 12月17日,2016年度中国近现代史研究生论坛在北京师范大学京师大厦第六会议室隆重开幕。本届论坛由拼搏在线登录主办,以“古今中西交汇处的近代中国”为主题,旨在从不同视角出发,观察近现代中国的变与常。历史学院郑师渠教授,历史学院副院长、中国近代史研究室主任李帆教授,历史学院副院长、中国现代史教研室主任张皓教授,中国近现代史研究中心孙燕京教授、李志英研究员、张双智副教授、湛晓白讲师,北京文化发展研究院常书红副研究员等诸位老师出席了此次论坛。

---

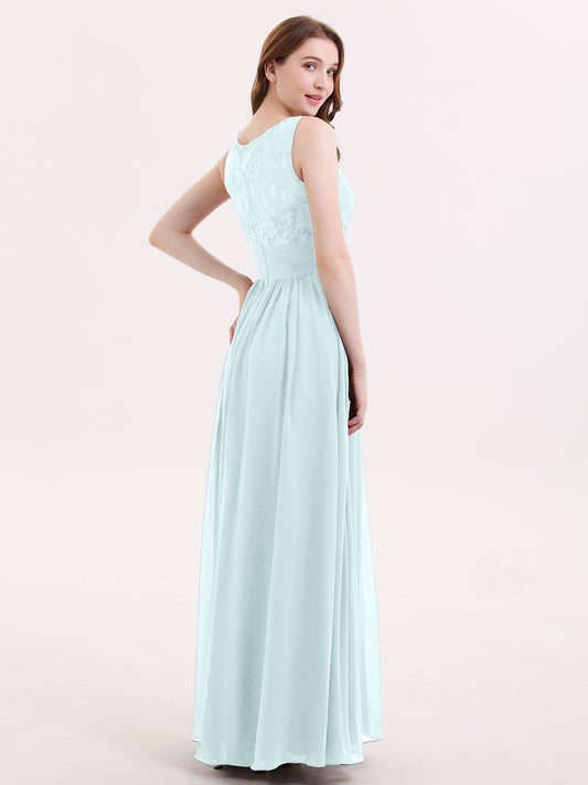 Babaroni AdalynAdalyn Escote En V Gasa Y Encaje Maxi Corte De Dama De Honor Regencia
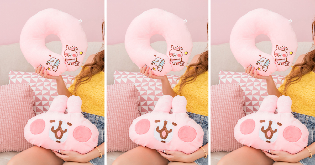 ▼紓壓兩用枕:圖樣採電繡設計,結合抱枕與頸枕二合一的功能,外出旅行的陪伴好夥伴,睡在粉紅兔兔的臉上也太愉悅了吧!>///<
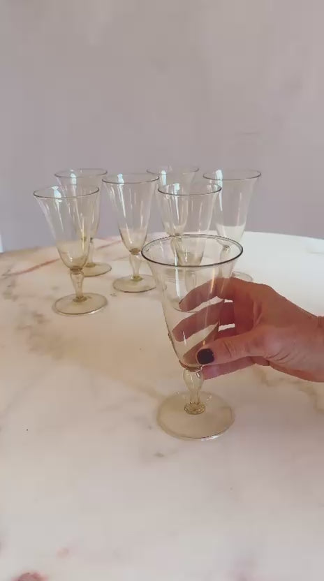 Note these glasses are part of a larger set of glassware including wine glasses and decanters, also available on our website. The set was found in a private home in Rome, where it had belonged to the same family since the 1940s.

- **Exercise**
Return exactly the lines of the material above, starting at the line containing "Babaroni AdalynAdalyn Escote" and finishing at the line containing "Note these glasses", without any pictures.

- **Result below**
 Babaroni AdalynAdalyn Escote En V Gasa Y Encaje Maxi Corte De Dama De Honor Regencia
 ▼紓壓兩用枕:圖樣採電繡設計,結合抱枕與頸枕二合一的功能,外出旅行的陪伴好夥伴,睡在粉紅兔兔的臉上也太愉悅了吧!>///<
 Note these glasses are part of a larger set of glassware including wine glasses and decanters, also available on our website. The set was found in a private home in Rome, where it had belonged to the same family since the 1940s.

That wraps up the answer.